Monday, February 14, 2011


“It is one of the commonest of mistakes to consider that the limit of our power of perception is also the limit of all there is to perceive.”

- C.W. Leadbeater

I had a brief conversation with someone earlier today (you know who you are). It made me pause and think and reflect, mostly on blogging.

I started this blog because I thought it would be a fun, creative way to document our lives with our 2 little ones. I am able to post pictures and keep an ongoing journal of the daily happenings. But, this blog is not the whole picture. Our life is full and happy, but far from perfect. My daily routine often consists of whining children (and sometimes adults), diffusing a temper tantrum, constant messes and what seems like mountains of laundry. I do not like to cook and often don't, and most of the time I feel guilty about it (something I need to work on). Sometimes, I'm painfully shy and uncomfortable in social situations and until recently wouldn't order anything from the deli counter. However, I have happy, well-adjusted and healthy children who make my days full and worth waking up every morning. They are kind-hearted, silly, smart kids who constantly make us laugh. I have a husband who laughs with me, stays grounded when I go a little astray and loves me unconditionally, even in spite of my bad cooking.

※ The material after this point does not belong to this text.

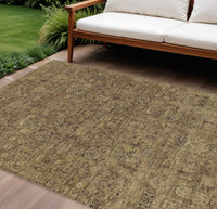 9' X 12' Brown And Taupe Floral Washable Indoor Outdoor Area Rug

I then started thinking about myself and how I perceive others through their blogs: "Look how beautiful her house is! What a great wardrobe she has! I wish my pictures would look like that!" I enjoy going through my list of blogs everyday, but, I must admit, sometimes I have a bit of blogger's envy....

Don't get me wrong, I am grateful every single minute of the day for my blessings, but I am constantly striving for better. And, while it may be good to work towards bigger and better goals, it's important to keep things in perspective and do so while being content in the moments taking place right before your very eyes.

It's not the whole picture...on my blog or anyone else's. I choose to write about the things that make me happy. Generally, making a craft with Little Miss or watching E move to the next level belt in Tae Kwan Do rank higher than conquering the mountain of laundry, but that's just me. Someone else may rank those things in a different order....

“We tend to forget that happiness doesn't come as a result of getting something we don't have, but rather of recognizing and appreciating what we do have.”